Data Storage and Access Controls (including Key Management)  

This category compares SQL Server, PostgreSQL, and MySQL settings against industry best practices, ranging from encryption settings for databases, firewall rules, network access, Azure Key Vault, Kubernetes, resource locks, and security-related settings within the Microsoft Azure Storage Account service.  
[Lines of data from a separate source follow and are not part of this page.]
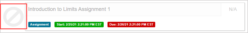 NOTE: Depending on which access condition is causing the restriction, the (A) error icon can be located in the Maximum Attempts cell, Dates cell, Advanced Policies cell, or multiple cells.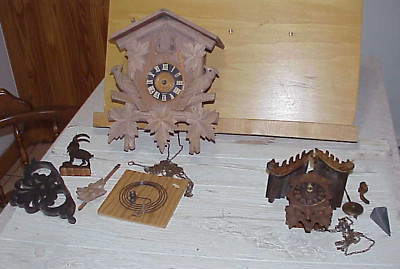 Two Antique Cuckoo Clocks for Repair Black Forest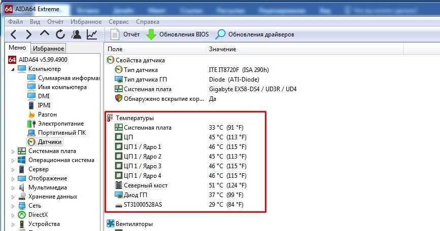 В разделе «Компьютер» подраздела «Датчики» находим информацию о температуре компонентов
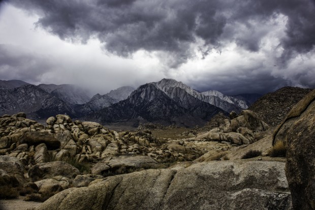 While photographing in the Alabama Hills, a storm developed over the Sierra Nevada mountains.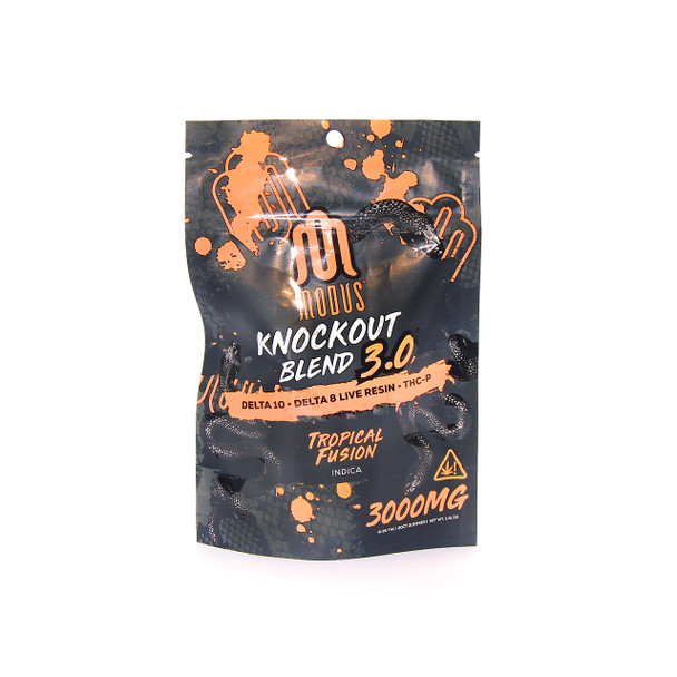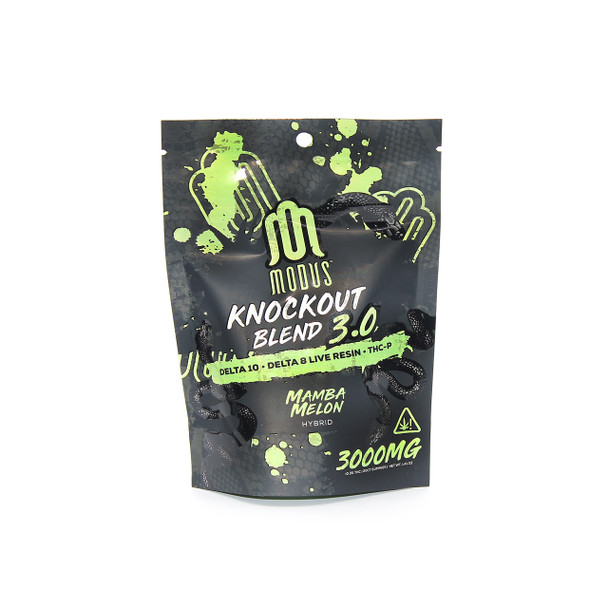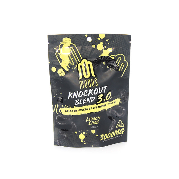 Modus has decided to raise the bar with the Knockout Blend 3.0 Gummies, this time around they really pack a punch as each gummy contains 150mg of Delta-10 + Delta-8 Live Resin + THC-P. Each bag comes with 20 gummies. We suggest taking 1/2 of a gummy to establish your individual tolerance. These gummies are derived from 100% USA grown hemp and are federally legal under the 2018 Farm Bill Act.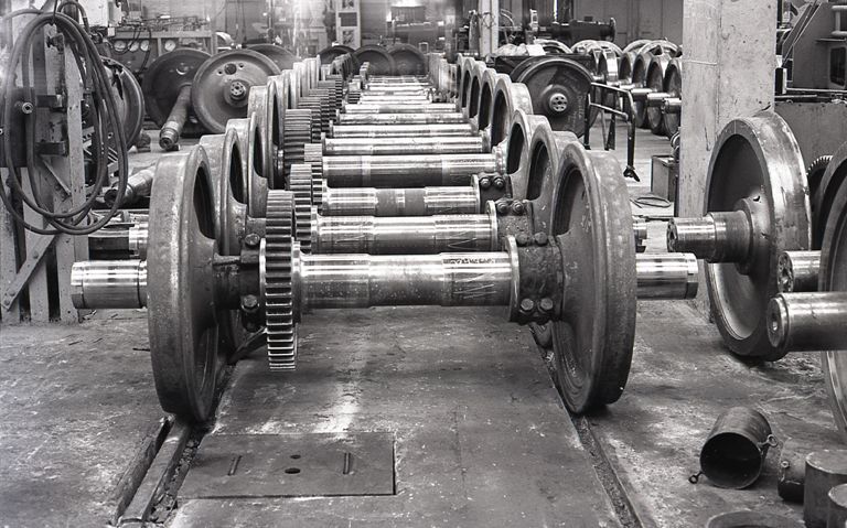 BeschrijvingWe zien een aantal wielen van locomotieven en treinstellen in de Centrale Werkplaats van Salzinnes.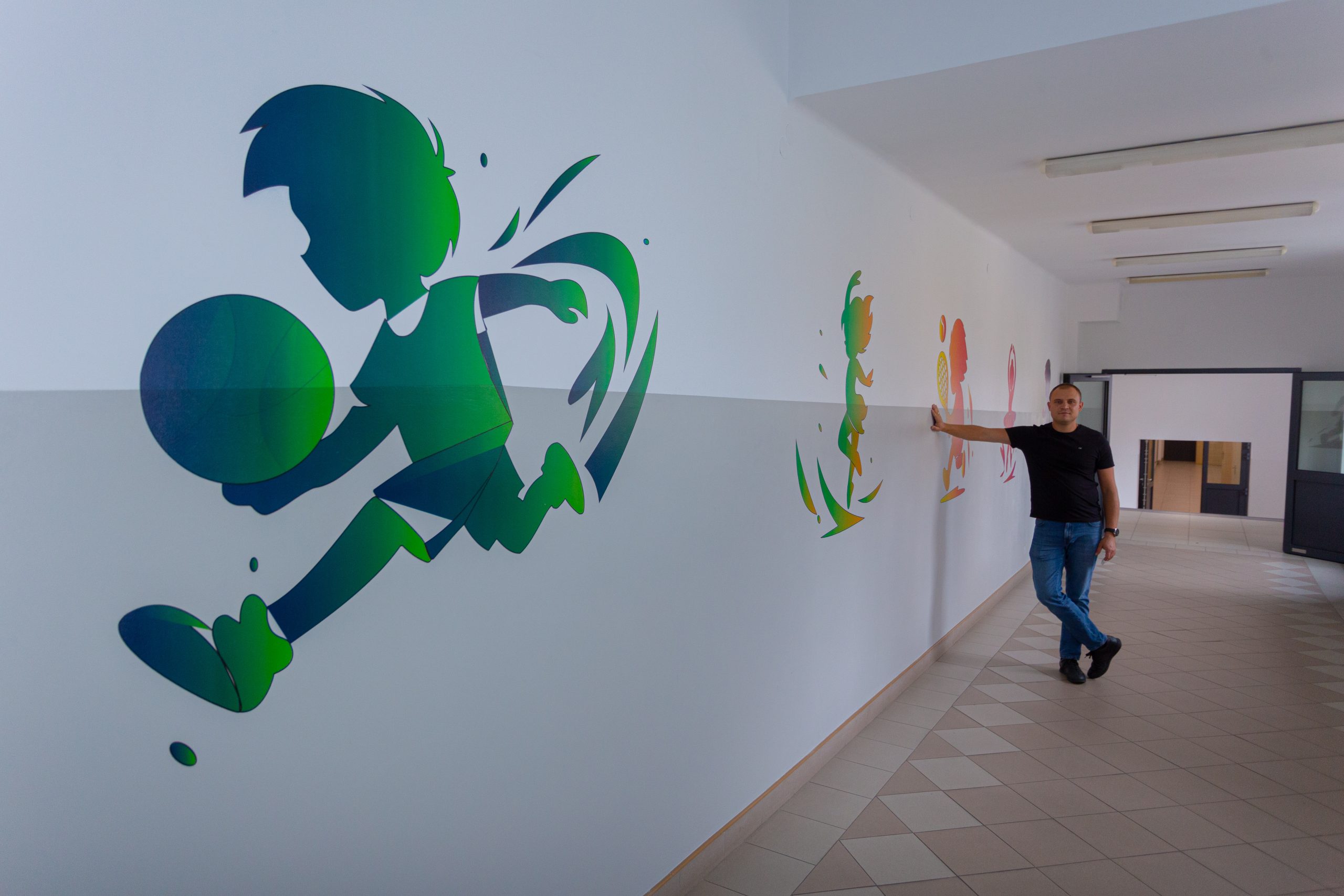 Kolorowo i wesoło, takie nadruki wykonaliśmy w pobliskiej szkole podstawowej w korytarzu łączącym główny budynek z salą gimnastyczną. Podczas realizacji mieliśmy wielu małych kontrolerów jakości dzięki którym realizacja zakończyła się pełnym sukcesem 🙂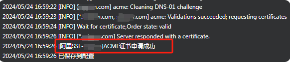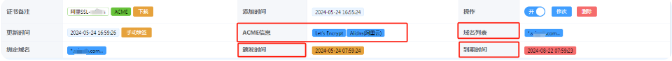 稍等一会就会显示证书,显示绑定域名、颁发时间和到期时间就表示申请SSL成功
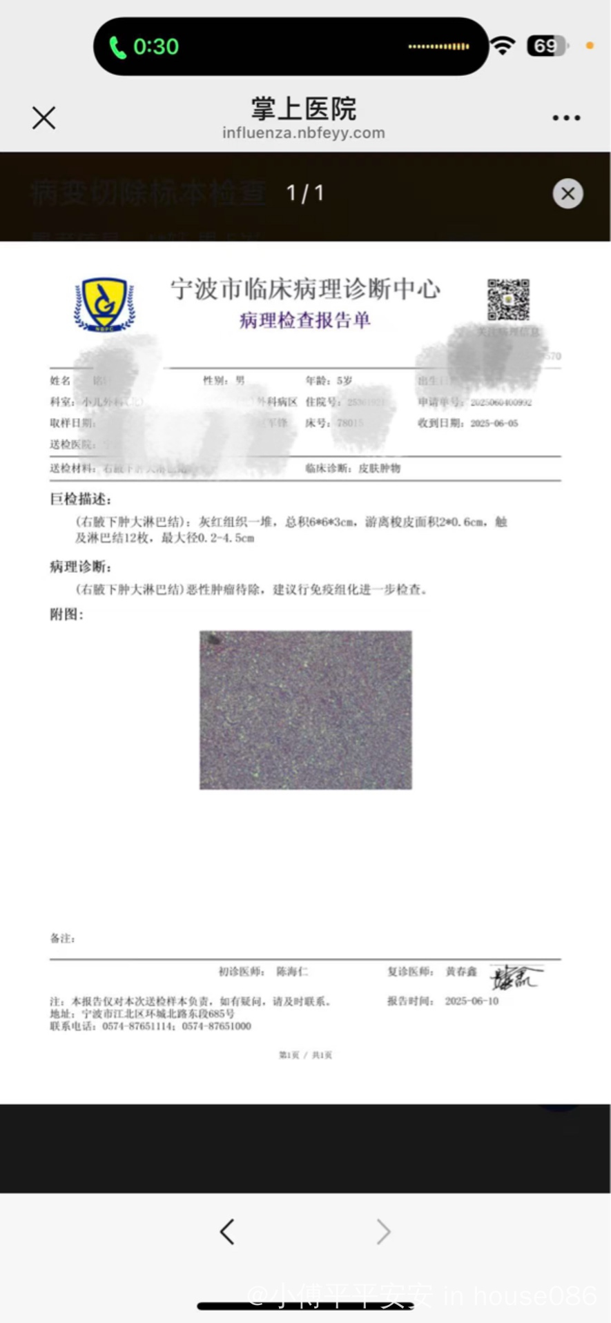 6月9号出报告(附图2),诊断是恶性肿瘤待除,再做免疫组织,9号下午马上安排了免疫组织的检查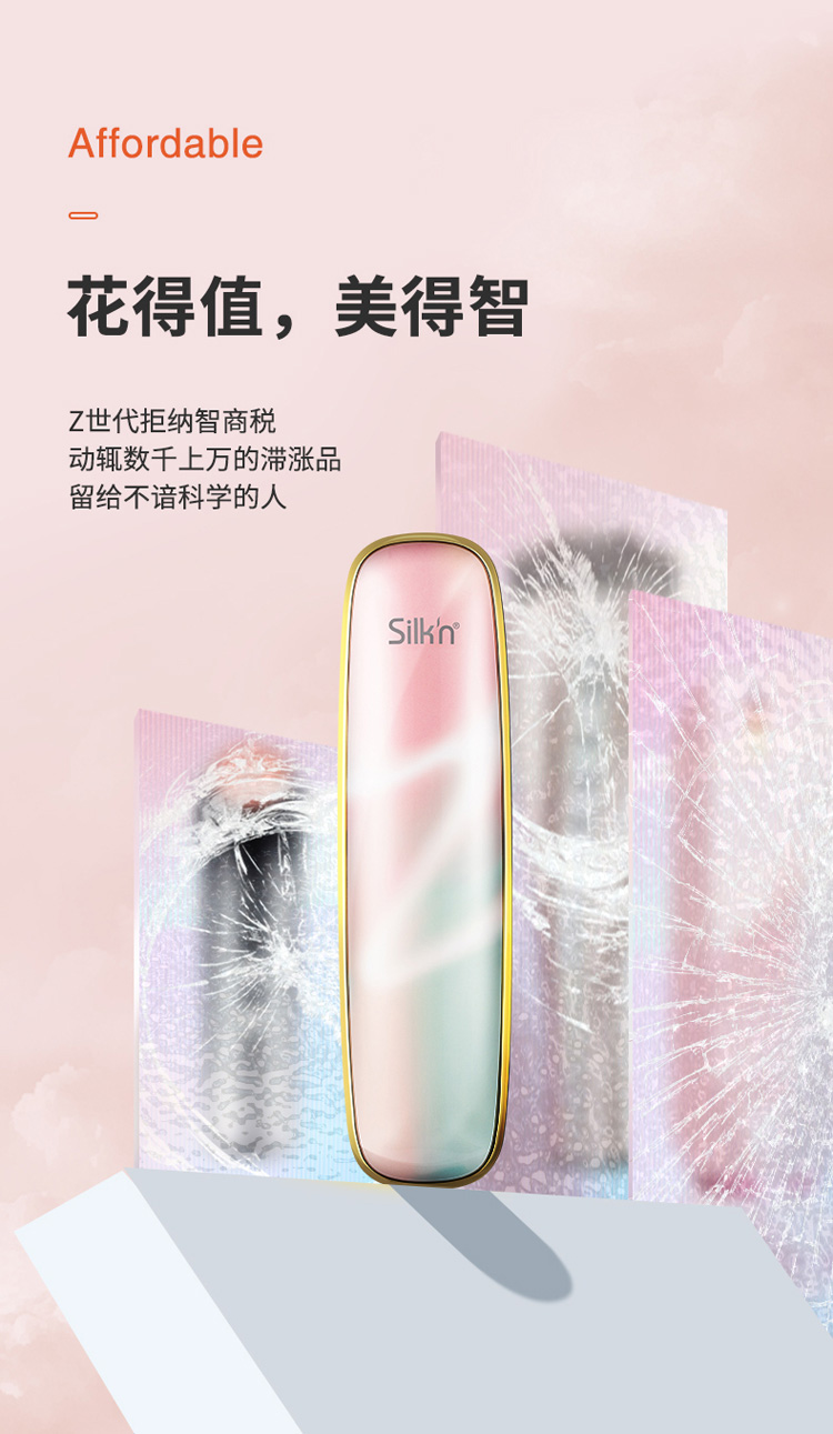 Silk'n(丝可)是来自以色列的美容仪品牌,主打产品脱毛仪,致力于为用户提供更好的家居美容护理,为您打造柔软,光滑的肌肤。Silk'n脱毛仪由医生和专家开发和设计,经过FDA专业认证,以帮助人们实现他们美丽的自我。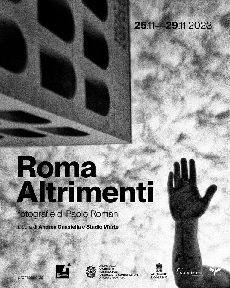 Il 25 novembre alla Casa dell’Architettura, in contemporanea all’evento Musei in Musica, inaugura la mostra fotografica di Paolo Romani “Roma Altrimenti” a cura di Andrea Guastella e Studio M’arte, organizzata dall’Associazione Culturale Aurea Phoenix. Sarà possibile visitarla dal 25 al 29 novembre 2023 dal lunedi al venerdi dalle 9 alle 19 presso il complesso monumentale dell’Acquario Romano al piano -1 Art gallery.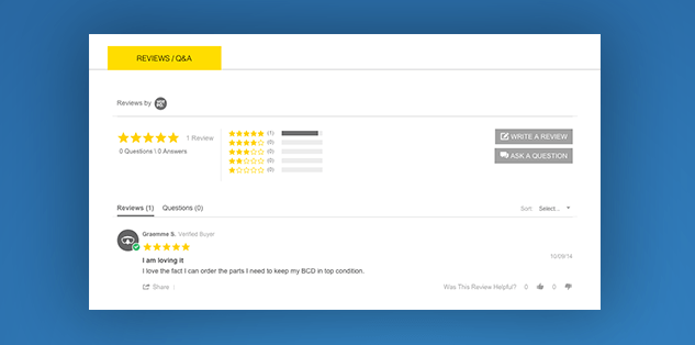 Customer reviews are important. We have recently added a new Reviews and Questions & Answers system to our online shop.

Application Configuration  

This category covers security-related settings with the Microsoft Azure Application Service and includes everything from programming language version support, remote file transfer configuration, and application secrets storage settings.  

OS / Containers  

Settings within this category pertain to virtual machine disk encryption settings, patching and updates, virtual machine extension provisioning, and general virtual machine security settings.  

Network Security  

This category looks at Network Security Group rules for misconfigurations, default rule settings, and remote protocol-specific configuration settings.  

Protective Controls  

Settings within this category look at whether an organization subscribes to the extra security settings as part of the standard tier and whether an organization takes full advantage of the various settings within this area of Microsoft Azure. This includes Microsoft (Defender for Cloud, Microsoft Defender Endpoint, Defender for Storage, etc.), third-party products, and cloud-native security policy and control settings.  

Activity Monitoring, Detection, and Response  

Diagnostic and Activity log settings are the primary focus of this category, where logs are stored and the configuration settings of those storage mechanisms.   Also, as the category name indicates, it includes Detection and Response enablement.  

In future postings, this blog will be discussing more mid-year cybersecurity compliance trends based on our findings along with recommendations on how to comply with best practices in 2023. If you would like more information about SecureSky and our proactive managed security services, please do not hesitate to reach out to our experts at https://securesky.com/contact-us/. 

SecureSky's core assessment does not include an evaluation of patch management of workloads. However, we see confusion in interpreting the "shared responsibility" model related to patching and inconsistency between cloud and on-premises environments.